# Filtering shrimp



## AverageWhiteBloke (23 Dec 2012)

Anybody come up with any good ways of catching shrimp that have been in the filter? My RCS colony I'm trying to build up had a filter failure 2 week ago but I had a little hydor internal kicking about. Problem is it's partial to sucking in my baby shrimp. Cleaned it out today into a clear bucket and there was about 15 young shrimp in there!

Managed to get them all I think but not without putting a load of debris in back in the tank which defeats the object of the filter change. It's only a 5gall tank so I maybe just get a sponge and air pump but the noised could get annoying. I was thinking maybe some kind of container with food in but that might take for ever getting them all to go in.


----------



## LancsRick (23 Dec 2012)

Prevention is the best way. There are two main options - either get a stainless steel mesh guard for your filter, or use some "tight" material.


----------



## Manrock (23 Dec 2012)

I have the same issue. Covering the outflow with a mesh is not an option for me as it reduces the flow rate quite significantly. I clean the filter about 3 times a year and usually have 30 + shrimp in there. When in a container (bucket) they will usually 'dive' to the bottom and so I drain off most of the water from the top. Then I transfer the 'mulch' and shrimp mix to a glass container and leave it to stand for a few hours, allowing the sediment to settle. Now you will be able to see all the shrimps. I then use a variety of methods to separate the shrimps from the mulch - but usually I net them or suck them up into a tube.
Hope that helps!


----------



## jojouk (23 Dec 2012)

I just cover the filter inlets with some tights, stretch it tightly and it wont reduce the flow too much at all. Only downside is that larger bits of detritus stick to the outside of the inlets, but my shrimp just munch on that all day!


----------



## Nat N (23 Dec 2012)

Oh, yes – shrimps in the filter! I have this with the RCS and a small external on a regular basis. My method is quite time consuming, I admit, but I cannot think of anything better... The shrimps together with the gunk are put into a plastic container (tank water of course). Another plastic container with some tank water is ready next to it. Good lighting. Then I go about with a ladle, catching shrimplets with some water from the “mucky” container and putting them into the one with the clearer water. Process repeated a couple of times – you have shrimps with not much gunk left.
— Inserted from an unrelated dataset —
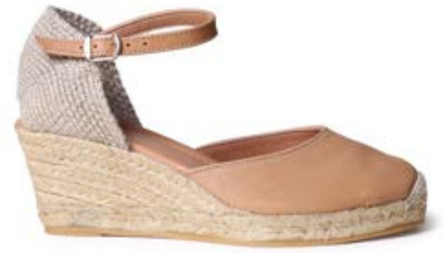
COSTA-5 TAN $160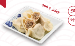
手工牛肉水饺 Handmade Beef Dumplings 6 pcs | 12 pcs

This is better than putting the whole lot back into the tank... Not perfect, I know, but I have not lost any tiny shrimplet yet.


----------



## dw1305 (24 Dec 2012)

Hi all,
Have a sponge on the inlet, I have them on all the tanks, but it is a win-win situation with shrimps as it provides "easy clean" additional filtration, a grazing surface for the shrimps and stops all the shrimplets ending up in the canister.

You can DIY them from a black PPI10 sponge, they will cost pennies and you can make them any size or shape you want.They also won't clog very easily and have little effect on flow. PPI20 or PPI30 sponge takes out more fines, and will need cleaning more frequently.
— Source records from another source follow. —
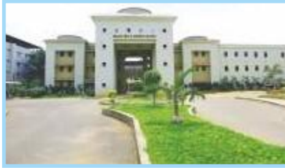
Majlis Arts & Science College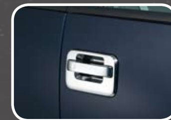
Door Handle Covers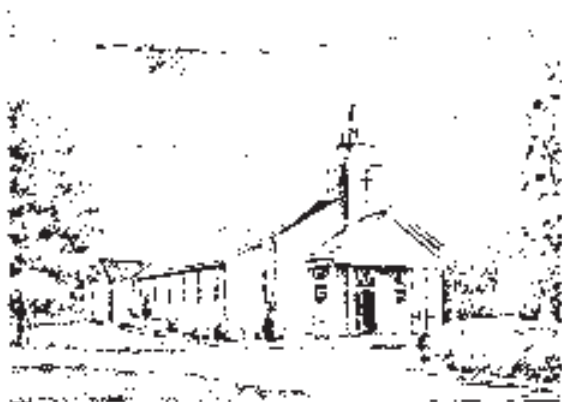
Immaculate Conception 20916 Dalton Road, Box 128, Sutton West, ON L0E 1R0 Rectory: 905-722-3392 parish@immaculateconception.on.ca

If you want an "off the shelf option" TA aquaculture sell "Huey Hung" and "Algarde" type sponges, and I think the "Fluval Edge" sponge fits? (I think Logi-cat was using these).

cheers Darrel


----------



## AverageWhiteBloke (24 Dec 2012)

Thanks guys, sorry for the confusion but the filter is an internal one like this.

ipf by AWB70, on Flickr
I noticed on this filter change that the spong had swollen up a bit. It had been standing dry so shrunk a touch. Hopefully now it's filling the canister out more there's less room for shrimplet to creep in. It's pretty much see through the canister and can't see any in there yet.

Looks like the best method is going to be the two containers. Looks like I'll have to open the filter pour out the shrimplets and spend a bit of time catching them. This is similar to what I did this time and it's difficult to syphon any out without any debris. The shrimp and debris all accumulate on the bottom of the container.


----------



## Nathaniel Whiteside (24 Dec 2012)

Put a stocking around the whole filter?


----------



## jojouk (30 Dec 2012)

Yup, mine is an internal too on my shrimp tank, I just covered it in a 'pop sock' kind of a sock made out of tight material, works fine and everybody is happy


----------



## Matt Warner (30 Dec 2012)

I have found that a very thin pair of tights and an elastic band around the filter intake works quite well.


----------



## jojouk (1 Jan 2013)

Only problem is the elastic degrades in the elastic band, so keep an eye on that


----------